SELECT * FROM invBlueprintTypesPrices
WHERE blueprintTypeID = blueprintType.typeID
ORDER BY timestamp DESC LIMIT 1
And I need the main row from table invBlueprintTypes to still show even if there is no result from the invBlueprintTypesPrices. The LIMIT 1 is because I want the newest row possible, but deleting the older data is not a option since history is needed.
If I've understood correctly I think I need a subquery select, but how to do that? I've tired adding the exact query that is above with a AS blueprintPrices after the query's closing ), but did not work with a error with the
WHERE blueprintTypeID = blueprintType.typeID
part being the focus of the error. I have no idea why. Anyone who can solve this?
You'll need to use a LEFT JOIN to check for NULL values in invBlueprintTypesPrices. To mimic the LIMIT 1 per TypeId, you can use the MAX() or to truly make sure you only return a single record, use a row number -- this depends on whether you can have multiple max time stamps for each type id. Assuming not, then this should be close:
Select
...
From
invBlueprintTypes As blueprints
Inner Join invTypes As blueprintType On blueprints.blueprintTypeID = blueprintType.typeID
Inner Join invTypes As productType On blueprints.productTypeID = productType.typeID
Inner Join invGroups As productGroup On productType.groupID = productGroup.groupID
Inner Join invCategories As productCategory On productGroup.categoryID = productCategory.categoryID
Left Join (
SELECT MAX(TimeStamp) MaxTime, TypeId
FROM invBlueprintTypesPrices
GROUP BY TypeId
) blueprintTypePrice On blueprints.blueprintTypeID = blueprintTypePrice.typeID
Left Join invBlueprintTypesPrices blueprintTypePrices On
blueprintTypePrice.TypeId = blueprintTypePrices.TypeId AND
blueprintTypePrice.MaxTime = blueprintTypePrices.TimeStamp
Where
blueprints.techLevel = 1 And
blueprintType.published = 1 And
productType.marketGroupID Is Not Null And
blueprintType.basePrice > 0
Order By
blueprintTypePrices.profitHour
Assuming you might have the same max time stamp with 2 different records, replace the 2 left joins above with something similar to this getting the row number:
Left Join (
SELECT #rn:=IF(#prevTypeId=TypeId,#rn+1,1) rn,
TimeStamp,
TypeId,
profitHour,
#prevTypeId:=TypeId
FROM (SELECT *
FROM invBlueprintTypesPrices
ORDER BY TypeId, TimeStamp DESC) t
JOIN (SELECT #rn:=0) t2
) blueprintTypePrices On blueprints.blueprintTypeID = blueprintTypePrices.typeID AND blueprintTypePrices.rn=1
You don't say where you are putting the subquery.
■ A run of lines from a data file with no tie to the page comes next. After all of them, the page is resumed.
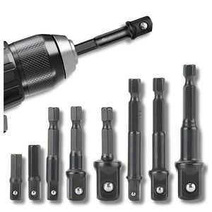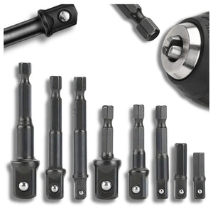 - **Izmēri:** 8 dažādi adapteri – 1/4", 3/8", 1/2 collas dažādos garumos, kas nodrošina lielāku elastību.
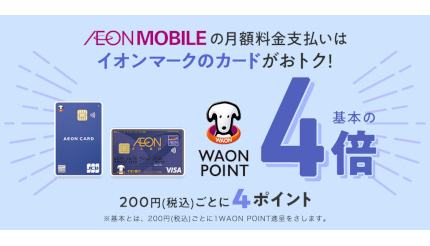 イオンリテールは、同社の提供するMVNOサービス「イオンモバイル」において、月額料金をイオンマークのカードで支払う場合に利用料金に応じて付与する「WAON POINT」を、4月利用分から従来の2倍となる税込200円あたり4ポイントに増量する。
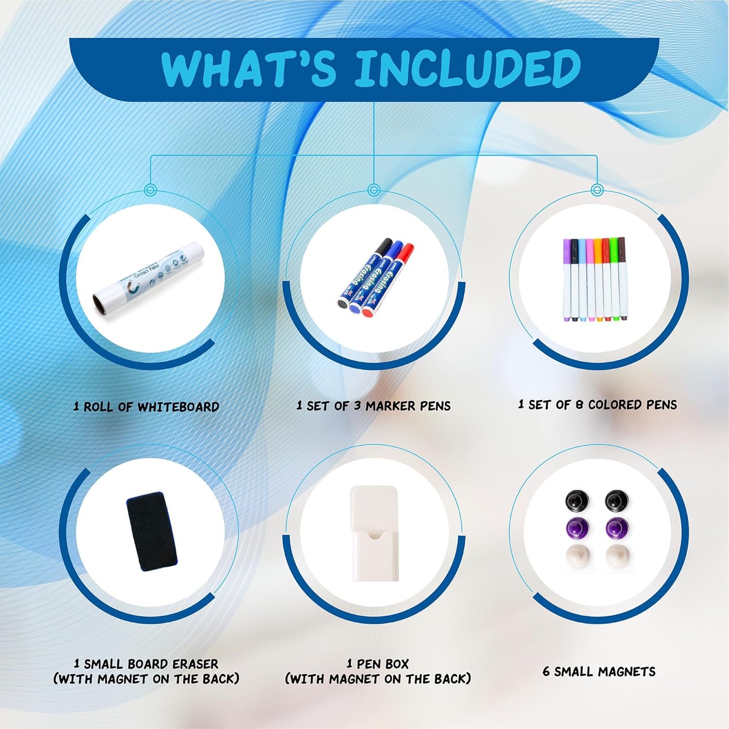 • Easy writing and erasing: This magnetic whiteboard paper for wall writes smoothly and erases easily without leaving any ghosting, even after 60 days.The included marker is water-based and can be erased with a paper towel or board eraser or a rag.
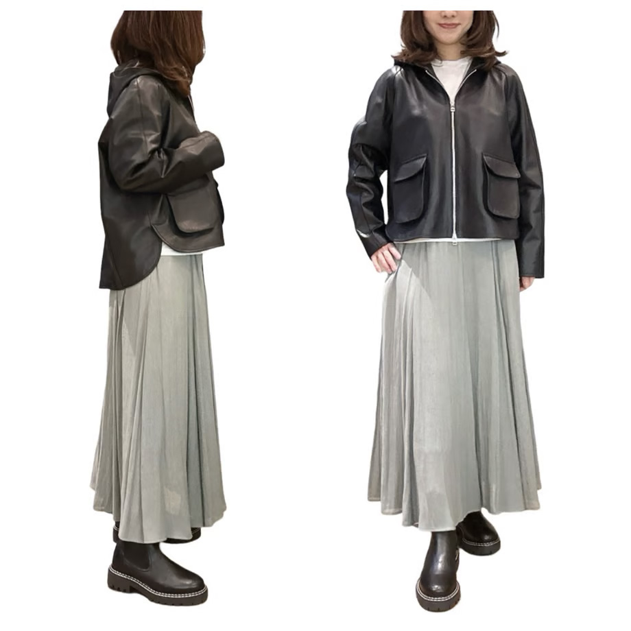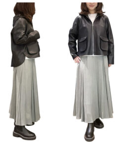 前後の着丈差があり、スカートとパンツのどちらでもよく合います🙆♀️

If in the select clause, then you have a problem because you are returning more than one value.
You can't put this into the from clause directly, because you have a correlated subquery (not allowed).
Instead, you can put it in like this:
from . . .
(select *
from invBLueprintTypesPrices ibptp
where ibtp.timestamp = (select ibptp2.timestamp
from invBLueprintTypesPrices ibptp2
where ibptp.blueprintTypeId = ibptp2.blueprintTypeId
order by timestamp desc
limit 1
)
) ibptp
on ibptp.blueprintTypeId = blueprintType.TypeID
This identifies the most recent records for all the blueprintTypeids in the subquery. It then joins in the one that matches.